What relationships do you find? Are the values and groupings for wt
and mpg
surprising? Does the clustering of vehicles make sense?
We can use a color palette to change the color coding and style of our heatmap.
RColorBrewer
is an R package that contains ready-to-use color palettes for creating nice graphics. - RColorBrewer package created by a woman named Brewer
# Packages are loaded with the library() function
library(RColorBrewer)
# Parameters for plotting
par(cex = 0.5)
# Get a graphic for all color schemes
display.brewer.all()
The default color-coding by heatmap is “YlOrRd” which is the top row.
We can use any of the palettes provided. Perhaps another scheme reveals relationships in the data more effectively or it is just more fun.
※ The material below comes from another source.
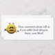 Carte Avis d'allergie au restaurant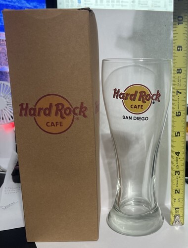 This Hard Rock Cafe Pilsner Style Beer Glass is a must-have for any fan of rock and pop music. The glass is adorned with the iconic Hard Rock Cafe logo from San Diego and is perfect for enjoying your favorite beverage. It is ideal for use at home or as a gift for a fellow music enthusiast.

# Change the arguemnt in parentheses to any of the palettes
heatmap(data_scaled, col=brewer.pal(8,"RdPu"))
Click on the Knit
icon next to the ball of blue yarn and select Knit it HTML. This will create an html file of your report. We will publish our reports online so we can share what we’ve done with others.
Great work! We learned a lot about R:
help()
, head()
, and heatmap
()We will get lots of practice with all the functionality in our activities. We will use heatmaps and dendrograms to look for patterns in breast cancer gene expression data.